Hey all new to brewing and wondering about something. I am following this reciepe http://www.ebay.com.au/gds/Banana-Wine-1-gallon-/10000000015647428/g.html Now it says to add ingredients and yeast leave for a week then transfer to a clean container and fit air lock... What would be the purpose of a fermenter change this early in the piece? Is it to filter out the particles in it (there seems to be a lot) or am I just supposed to tip it straight in? Could I run it through a coffee filter get the dregs out or would this remove the yeast also? advice appreciated cheers.


----------



## hoppy2B (14/5/15)

Buy some wine grapes when they are in season and make proper wine. Wine grapes are pretty cheap at the moment and have been for a few years due to the oversupply.


----------



## yankinoz (14/5/15)

I'm skeptical.

Let me guess, this recipe originates from the u.k., where there seems to be a subculture that throw together concoctions with raisins as a base. Grapes do make the best wine, the Brits make some decent ones from elderberries, and the kiwis used to do well with commercial kiwi fruit wines, now largely dead in the Sauvignon rush. Go there.

By my rough calculations the pH from your recipe is likely to be high for a wine. If you haven't started it, you might double the lemon.

My wild guess why they change the fermenter is to prevent the extraction of too much astringency. Banana skins? Aaargh.


----------



## bluc (14/5/15)

hoppy2B said:


> Buy some wine grapes when they are in season and make proper wine. Wine grapes are pretty cheap at the moment and have been for a few years due to the oversupply.

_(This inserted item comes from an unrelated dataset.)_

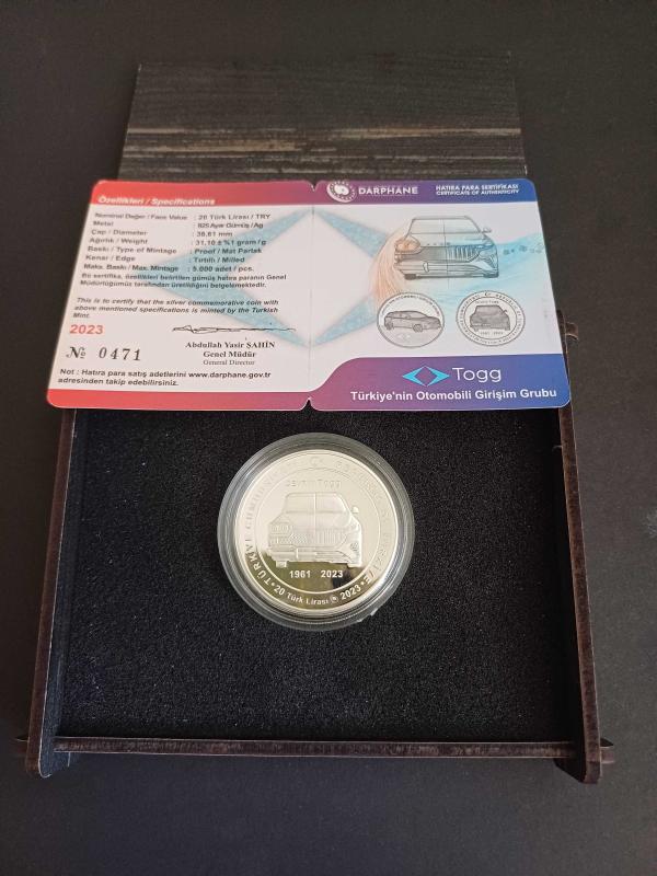 Togg Gümüş Hatıra Para 31.10 gr 1 ons 925 ayar, 2 yıl önce satışa sunulmuştur.

Thanks for the suggestion but not interested in making wine I can buy down at the local store...


----------



## bluc (14/5/15)

yankinoz said:


> My wild guess why they change the fermenter is to prevent the extraction of too much astringency. Banana skins? Aaargh.


Not sure what you mean by this can you elaborate?


----------



## Ducatiboy stu (14/5/15)

Wort brewed with Coopers yeast at 35*c....BAM


----------



## Vini2ton (15/5/15)

Hi bluc, have you ever tasted this stuff? If so, what's it like? Some of those country wine recipes make interesting reading. I admire your adventurous spirit and maybe spirit is what this stuff should become. Stiring everday is unnecessary, as the ferment will be going nuts anyway. Let us know how it goes. Initial ferment can go ape-shit, after a week it will have settled down alot. Racking into a closed vessel with airlock after a week probably avoids having to use a blowoff tube and other messy situations. Goodluck.


----------